### [WHAT THE TASK ASKS]
Output the line that contains "为进一步落实优质医疗资源下沉" together with each line after it, through the final line of the listing below, word for word; omit pictures.

### [RECORDS FOR THE EXERCISE]
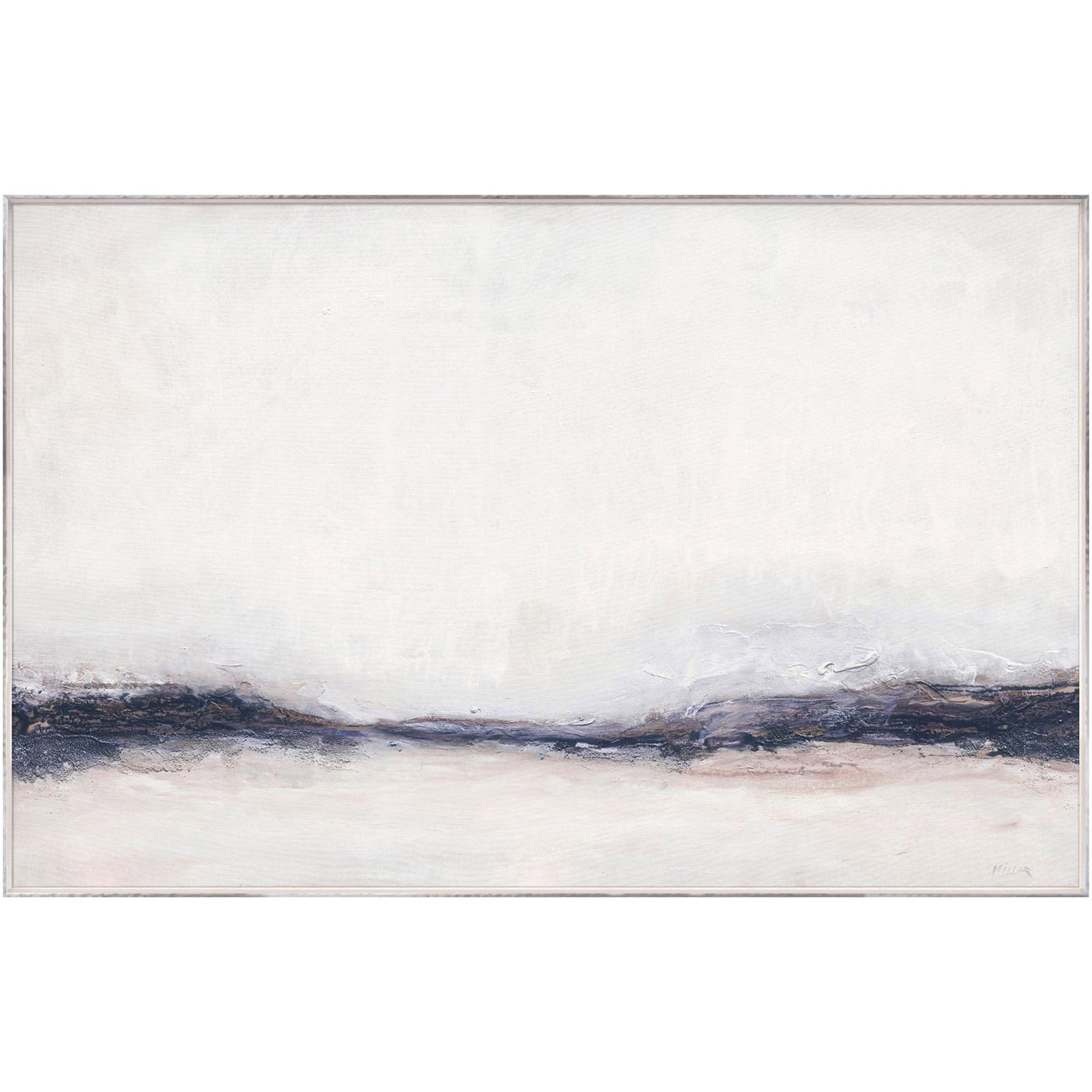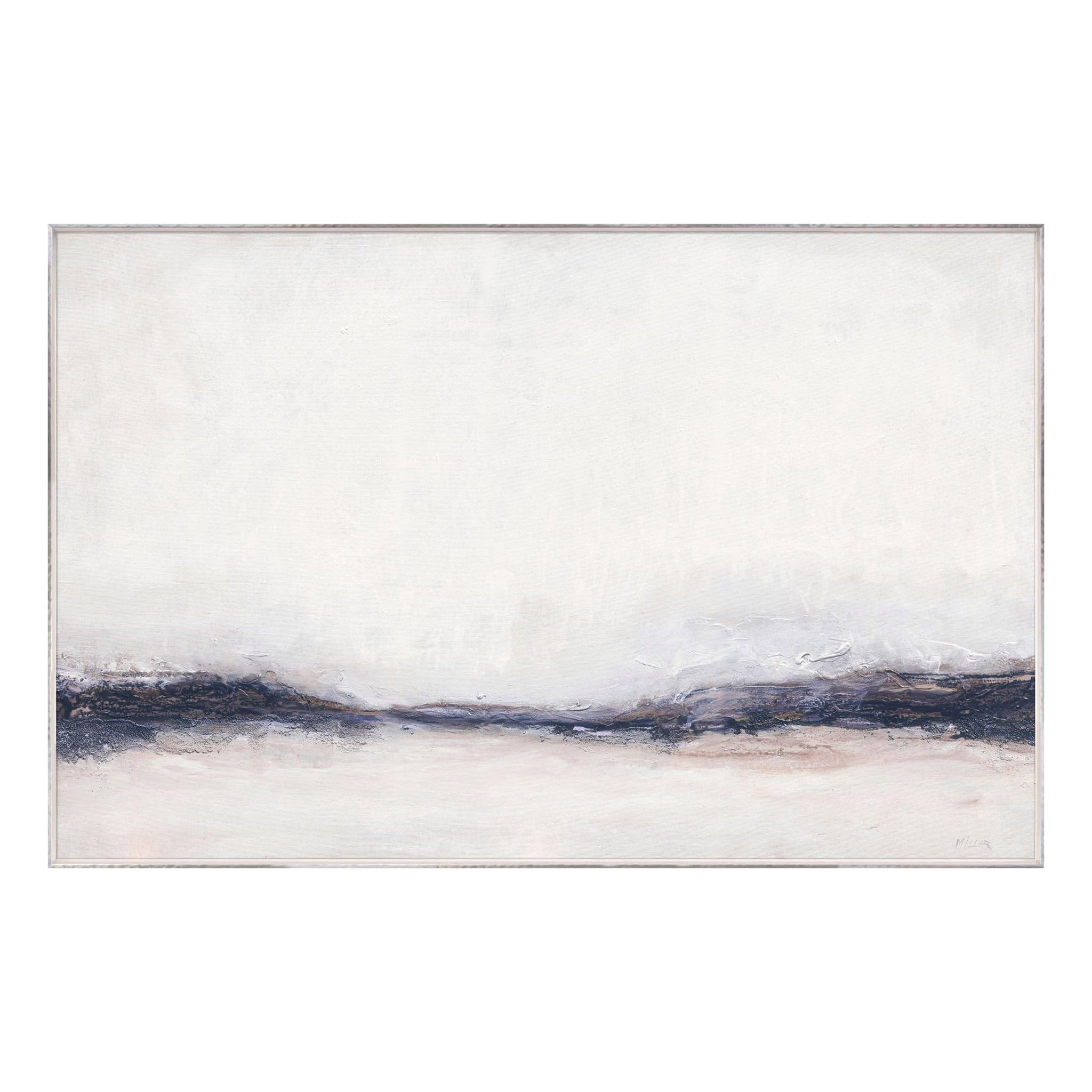 The misty atmosphere of this oversize canvas uses indigo blue with a light swath of blush over a ground of soft dove gray. Framed in a beautiful ivory washed deep profile frame with a soft silver, metal wrapped and angled edge.
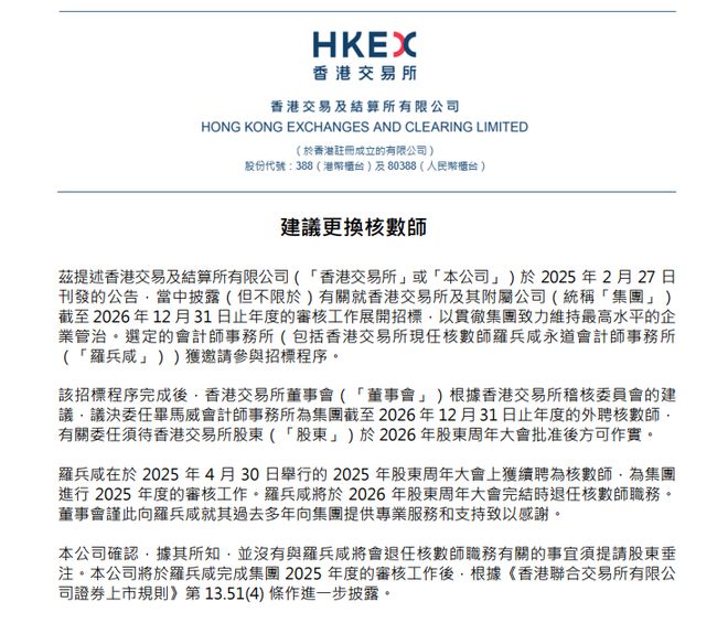 (来源:MBMC美顺) 来源:市场资讯 港交所(00388.HK)公告,委任毕马威会计师事务所为集团2026年度(截至2026年12月31日)的外聘核数师 (审计师),有关委任须待香港交易所股东于2026年股东周年大会批准后方可作实。 普华永道在于2025年4月30日举行的2025年股东周年大会上获续聘为审计师,为集团进行2025年度的审 核工作。 普华永道将于2026年股东周年大会完结时退任审计师职务。 香港交易所(00388.HK)于2000年6月27日在联交所上市,当时IPO的审计师便是普华永道。 | | 參與介紹各方 | | --- | --- | | 介紹的保薦人 | 滙豐投資銀行亞洲有限公司 | | | 香港 | | | 皇后大道中1號 | | | 15樓 | | | Merrill Lynch Far East Limited | | | 香港 | | | 中環 | | | 花園道3號 | | | 亞太金融中心17樓 | | | 摩根士丹利添惠亞洲有限公司 | | | 香港 | | | 中環 | | | 交易廣場第三座 | | | 30樓 | | 本公司的法律顧問 | 安理國際律師事務所 | | ...
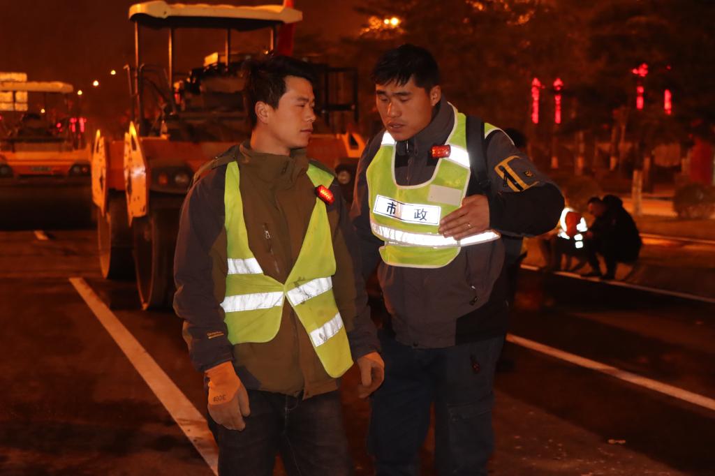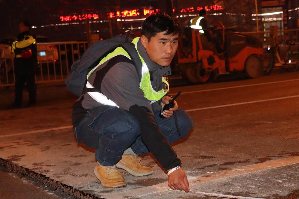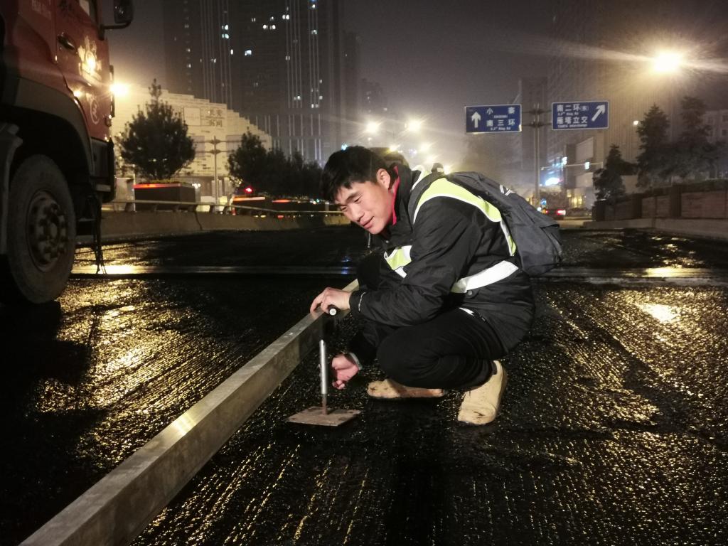 徐超所在的项目二部承接南门外盘道至小寨十字夜间摊铺任务,这段项目处于西安市的中轴线,车流量大,交通情况复杂。为保障夜间施工安全和质量标准,每一个夜班来临前,他都会先去凌晨刚完工的施工路段逐一排查问题点,对于处理不到位的地方做出重点标注。搜集完现场资料后,他会第一个来到项目部,结合查找的问题点,认真分析前一天施工过程中存在的不足,根据技术方案再次制定提升平整度、检查井的合格率的方案,并将所有任务分解,具体措施落实到人。
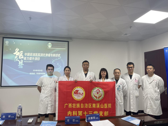 为进一步落实优质医疗资源下沉,提升基层医院服务能力,今日,广西壮族自治区南溪山医院肿瘤内科三病区(腹部盆腔生殖系肿瘤)陈熙主任率领团队走进桂林市平乐县中医院外一科,通过查房、讲座、病例讨论等方式开展“中国县域医院消化肿瘤专科诊疗能力提升项目”活动,为平乐县肿瘤患者递送健康。
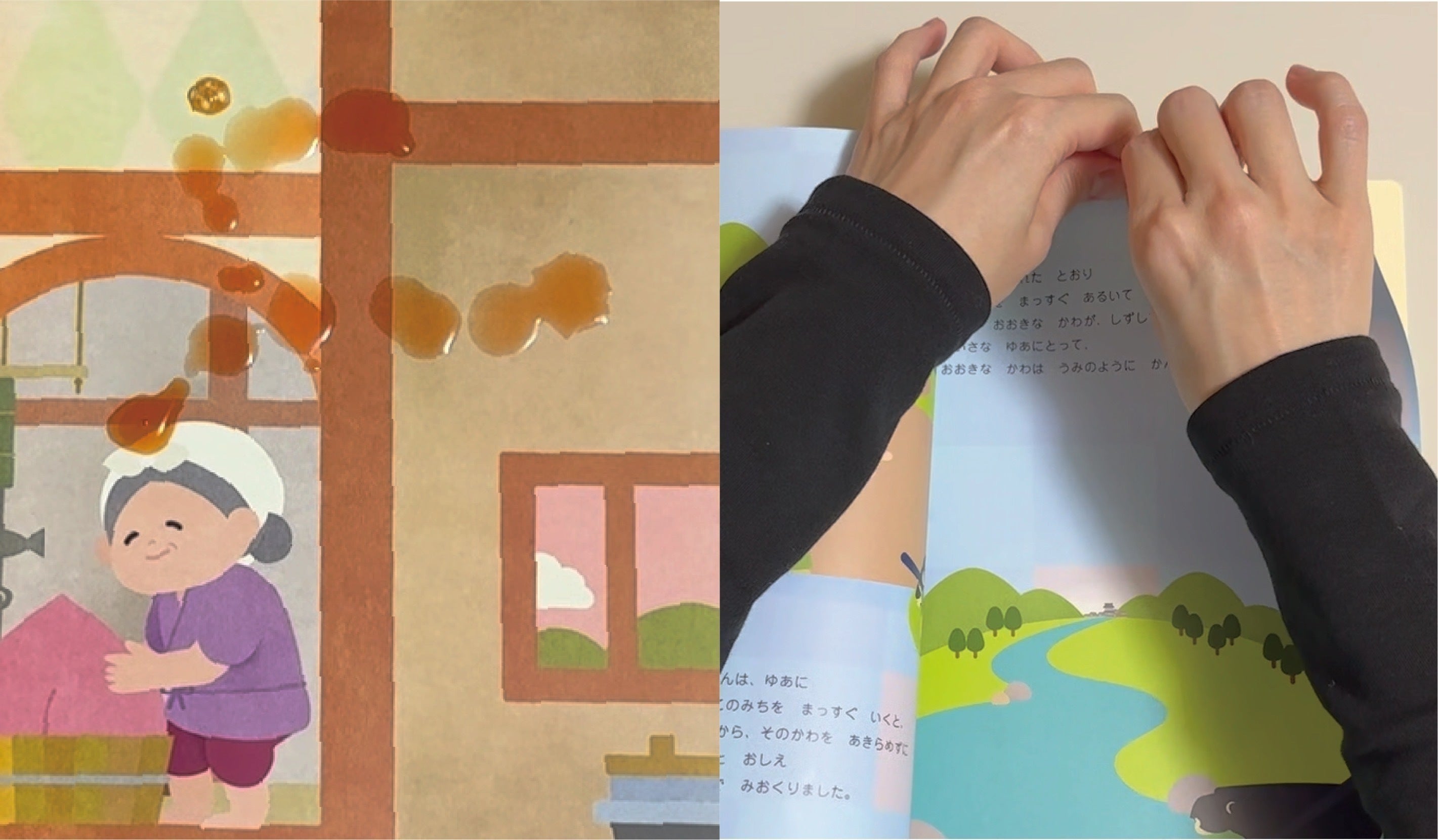 私も娘に小さい頃からいろいろな絵本を買いました。ただ子供ってどんな絵本でも噛んだり破ったりして、すぐボロボロにするんですよね(笑)そこでJibunEHONでは、合成紙YUPOを使うようにしました。この合成紙は、耐水なのでジュースなど、こぼしてもサッと拭くだけでキレイになりますし、お風呂でも読めます。そして、大人でも破くことができません。また、通常の本に比べ軽量でお出かけなど持ち歩きに便利です。さらに有害物質を使用してないので安心して長期間楽しんでいただけます。

### [SOLUTION BELOW]
 为进一步落实优质医疗资源下沉,提升基层医院服务能力,今日,广西壮族自治区南溪山医院肿瘤内科三病区(腹部盆腔生殖系肿瘤)陈熙主任率领团队走进桂林市平乐县中医院外一科,通过查房、讲座、病例讨论等方式开展“中国县域医院消化肿瘤专科诊疗能力提升项目”活动,为平乐县肿瘤患者递送健康。
 私も娘に小さい頃からいろいろな絵本を買いました。ただ子供ってどんな絵本でも噛んだり破ったりして、すぐボロボロにするんですよね(笑)そこでJibunEHONでは、合成紙YUPOを使うようにしました。この合成紙は、耐水なのでジュースなど、こぼしてもサッと拭くだけでキレイになりますし、お風呂でも読めます。そして、大人でも破くことができません。また、通常の本に比べ軽量でお出かけなど持ち歩きに便利です。さらに有害物質を使用してないので安心して長期間楽しんでいただけます。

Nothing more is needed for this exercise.